- _Assignment_
Write again exactly the lines in the listing below, starting at the line with "Il s’agit d’un" and ending at the line with "- Приказ МБОУ", both included. Pictures are not copied.

- _Raw data_
····················
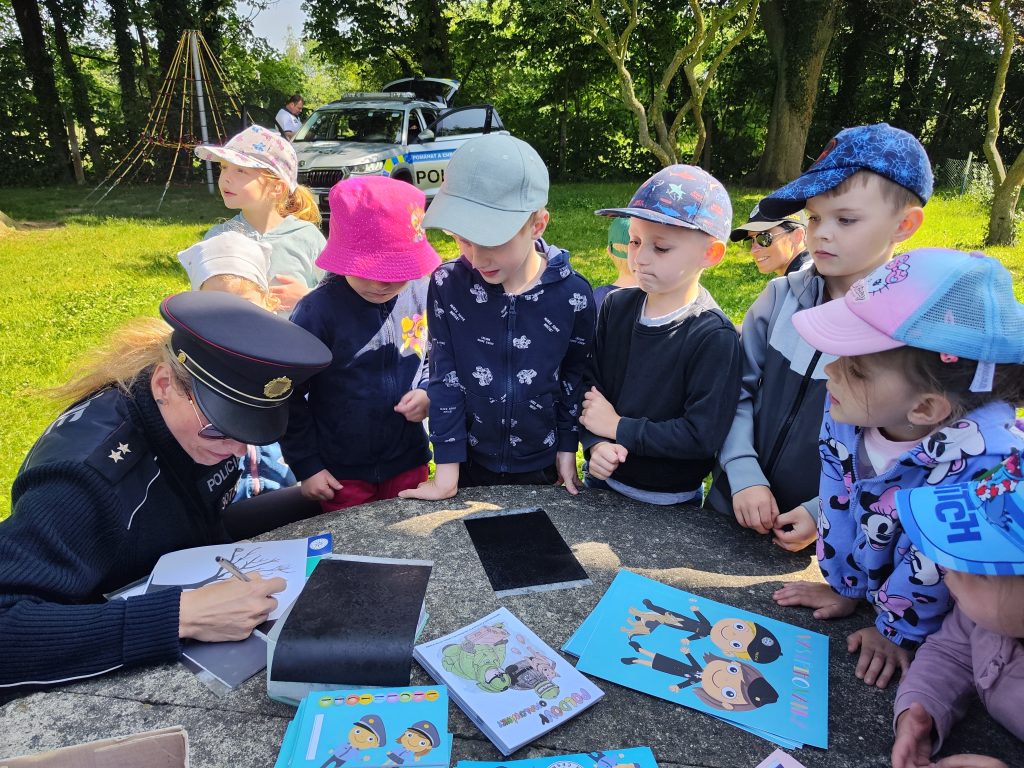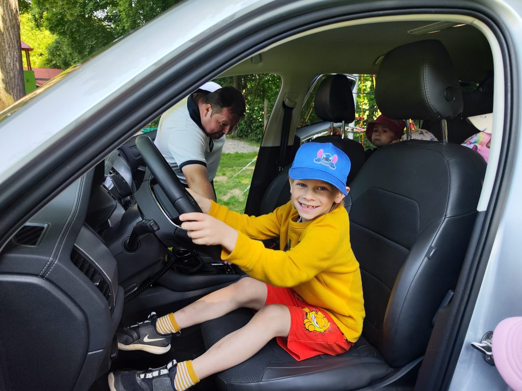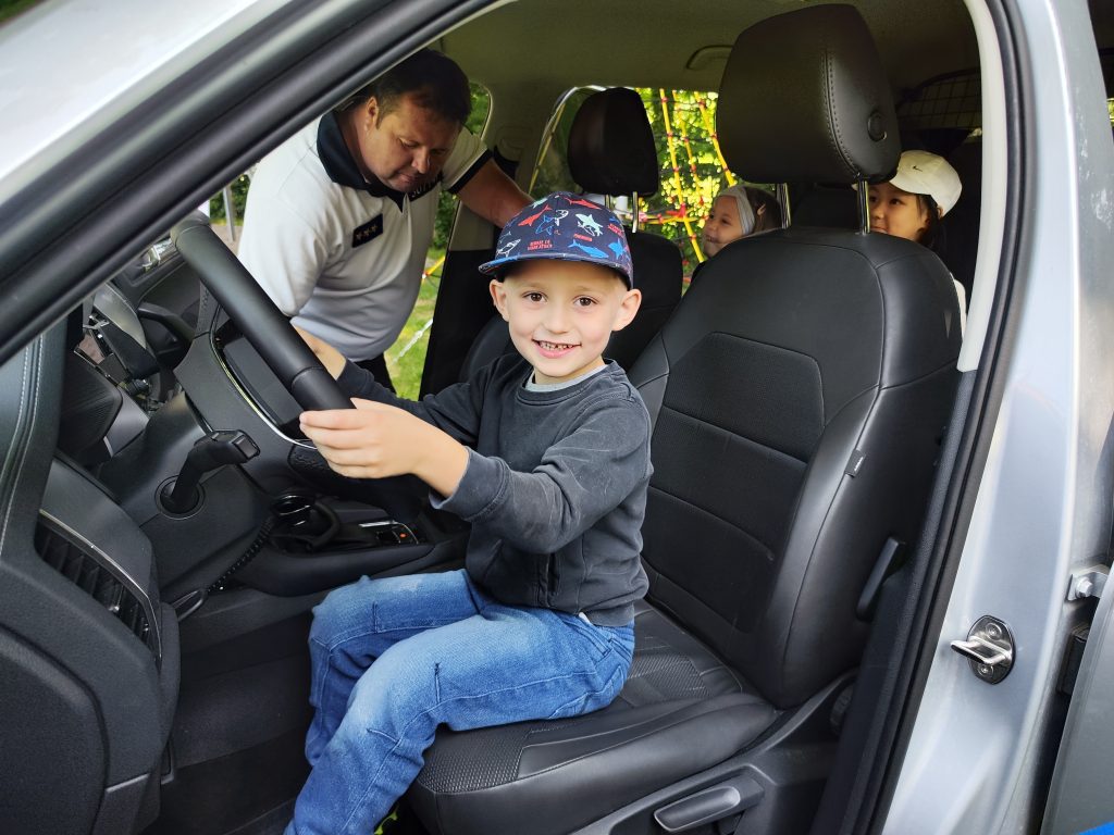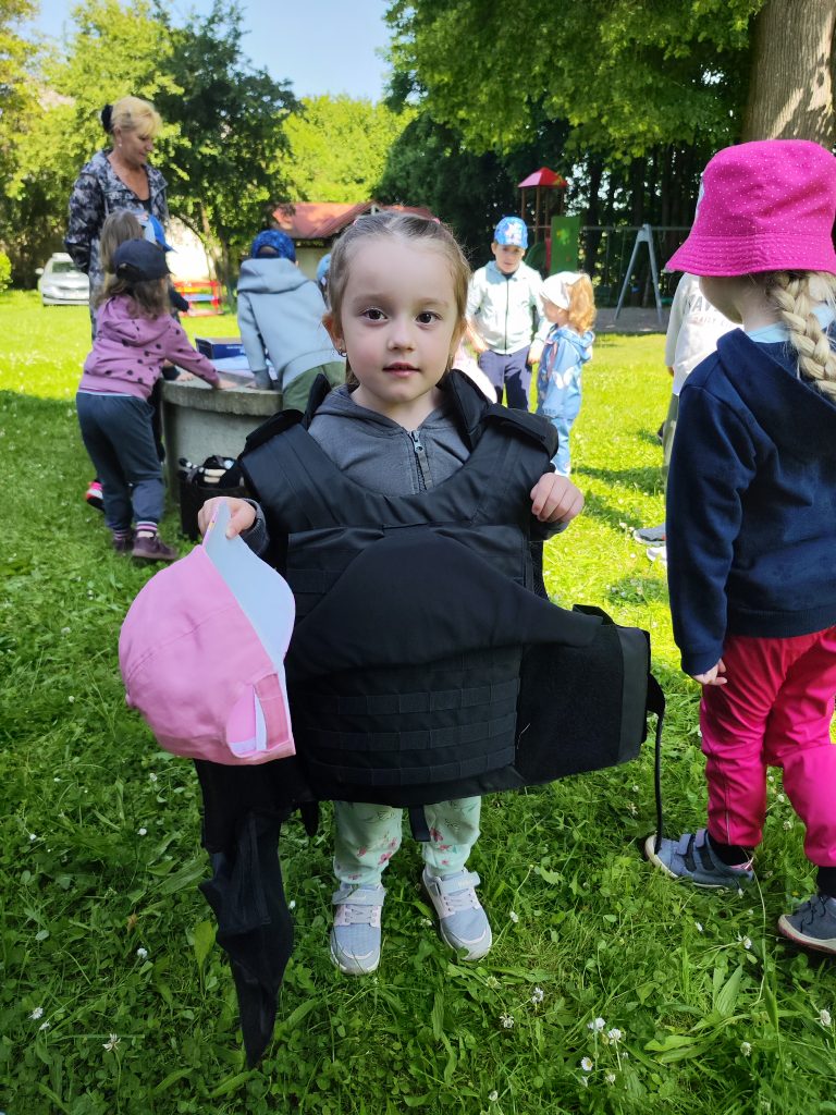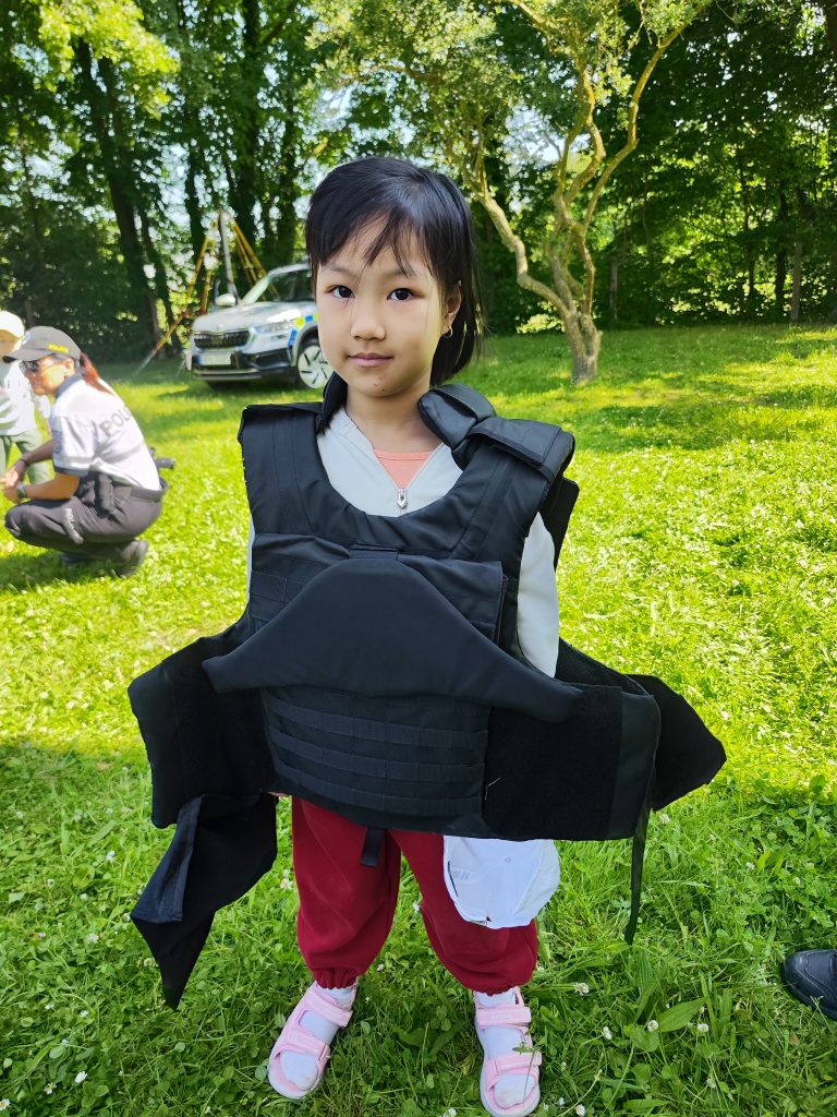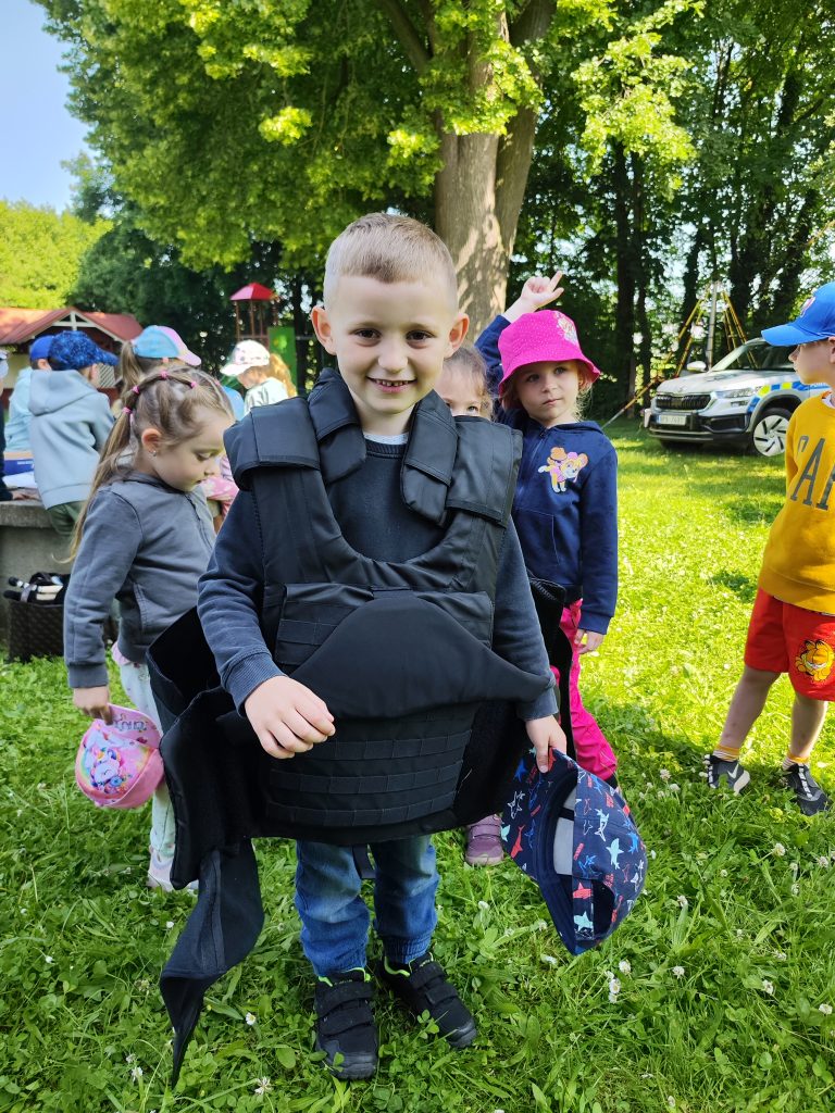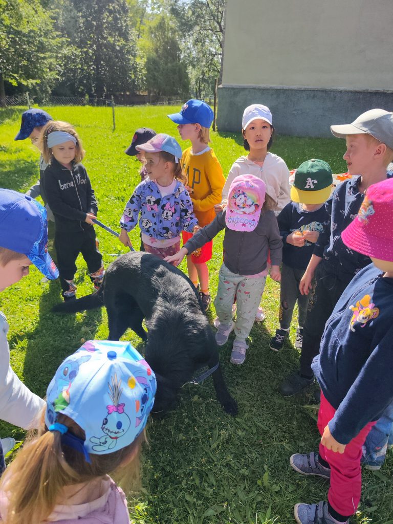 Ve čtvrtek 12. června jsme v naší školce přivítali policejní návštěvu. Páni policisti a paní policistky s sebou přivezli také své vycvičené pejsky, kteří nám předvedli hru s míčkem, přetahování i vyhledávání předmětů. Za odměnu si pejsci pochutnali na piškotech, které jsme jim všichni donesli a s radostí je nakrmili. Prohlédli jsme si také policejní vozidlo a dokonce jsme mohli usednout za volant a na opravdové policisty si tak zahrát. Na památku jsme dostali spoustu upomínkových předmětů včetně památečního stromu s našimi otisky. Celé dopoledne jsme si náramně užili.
····················
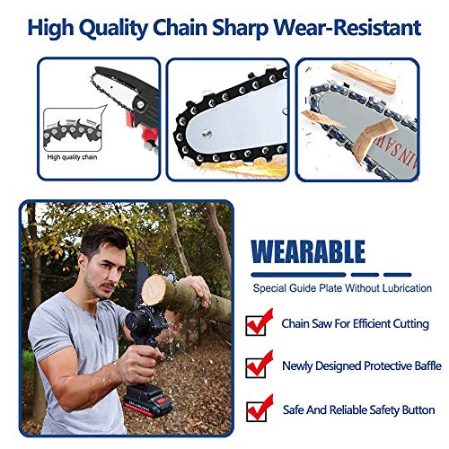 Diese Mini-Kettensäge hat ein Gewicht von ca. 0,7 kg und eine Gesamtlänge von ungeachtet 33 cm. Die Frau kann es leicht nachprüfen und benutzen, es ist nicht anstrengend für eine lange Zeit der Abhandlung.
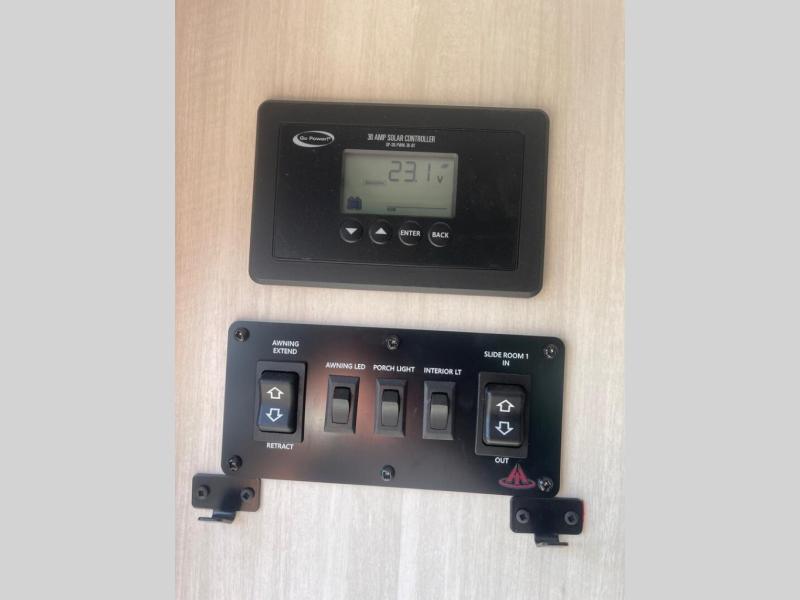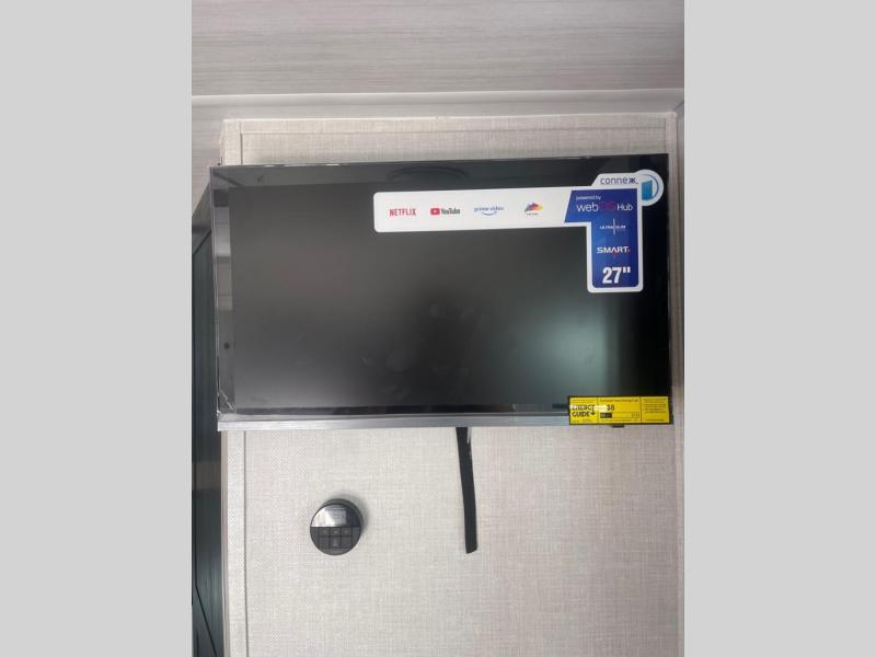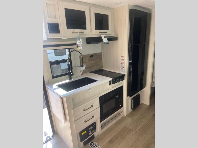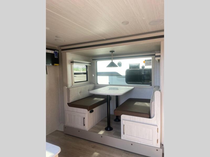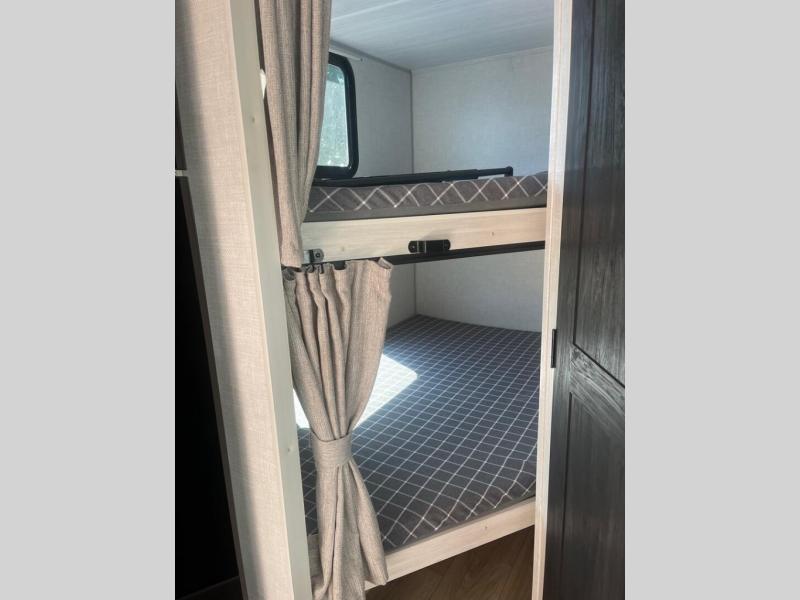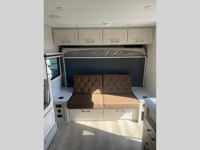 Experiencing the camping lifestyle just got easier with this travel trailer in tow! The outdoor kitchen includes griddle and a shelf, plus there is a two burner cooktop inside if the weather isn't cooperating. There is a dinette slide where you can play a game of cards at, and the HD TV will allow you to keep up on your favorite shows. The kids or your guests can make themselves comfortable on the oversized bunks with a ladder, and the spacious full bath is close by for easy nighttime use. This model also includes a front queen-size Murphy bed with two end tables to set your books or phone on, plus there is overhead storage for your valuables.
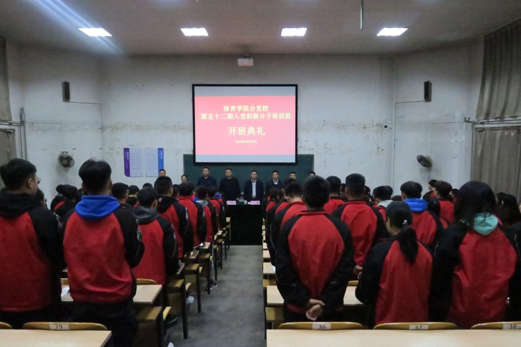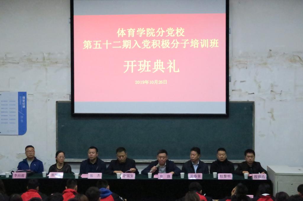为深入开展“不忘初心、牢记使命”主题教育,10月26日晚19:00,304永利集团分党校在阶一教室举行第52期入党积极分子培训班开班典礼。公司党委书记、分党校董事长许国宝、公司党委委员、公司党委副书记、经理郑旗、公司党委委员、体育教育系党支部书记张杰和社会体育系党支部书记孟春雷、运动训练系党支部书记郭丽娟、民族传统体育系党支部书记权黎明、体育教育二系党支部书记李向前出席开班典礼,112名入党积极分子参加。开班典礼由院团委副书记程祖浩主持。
····················
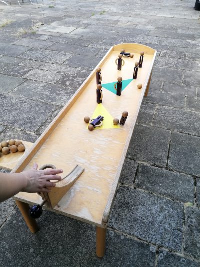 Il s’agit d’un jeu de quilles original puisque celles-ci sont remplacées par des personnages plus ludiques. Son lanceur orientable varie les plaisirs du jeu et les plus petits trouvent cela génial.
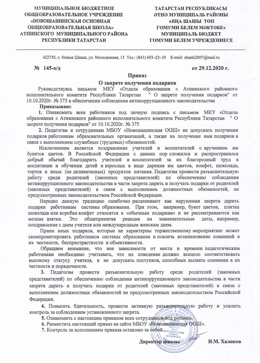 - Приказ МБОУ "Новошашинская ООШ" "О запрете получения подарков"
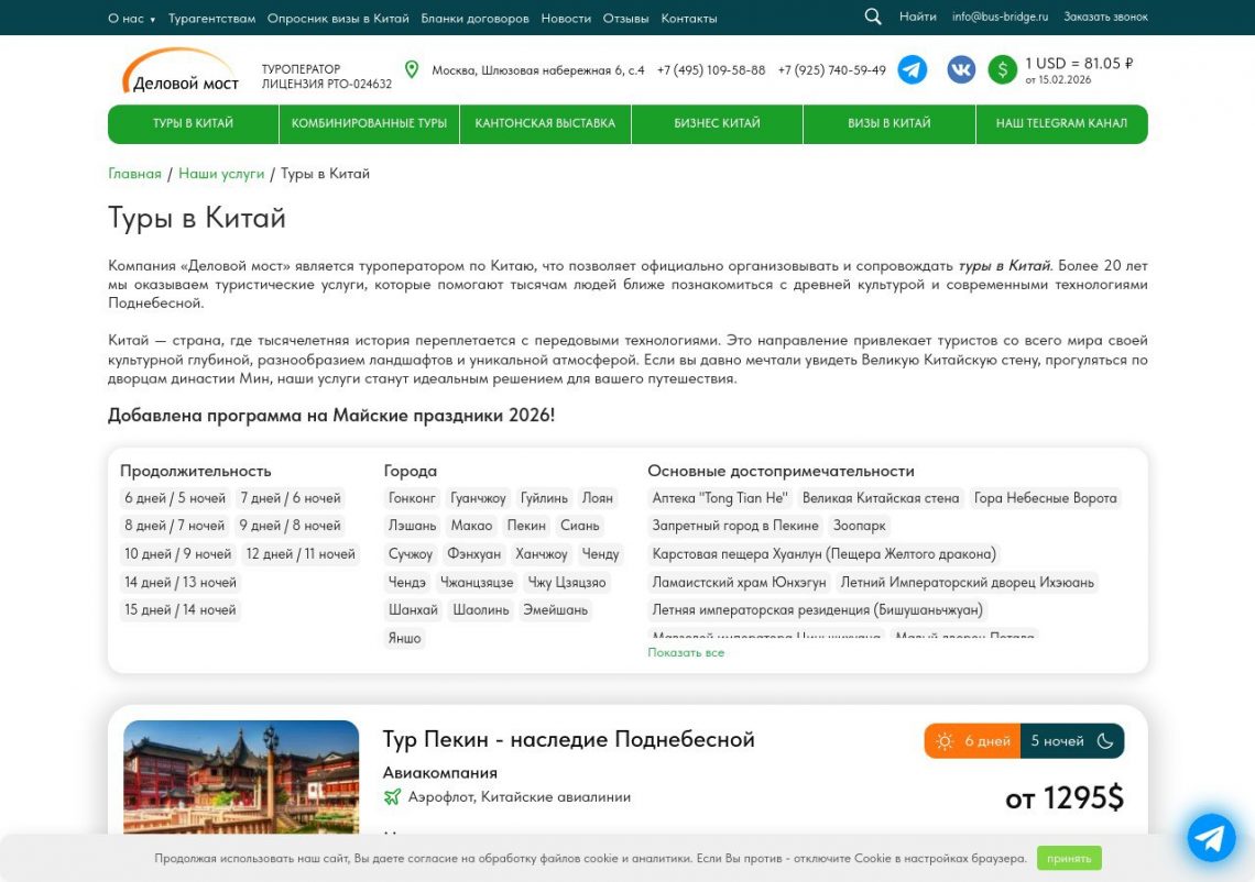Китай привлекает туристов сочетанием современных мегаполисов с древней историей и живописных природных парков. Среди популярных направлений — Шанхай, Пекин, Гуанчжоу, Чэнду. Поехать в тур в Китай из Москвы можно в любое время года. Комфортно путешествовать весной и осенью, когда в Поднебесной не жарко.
····················
- _Reply_
 Il s’agit d’un jeu de quilles original puisque celles-ci sont remplacées par des personnages plus ludiques. Son lanceur orientable varie les plaisirs du jeu et les plus petits trouvent cela génial.
 - Приказ МБОУ "Новошашинская ООШ" "О запрете получения подарков"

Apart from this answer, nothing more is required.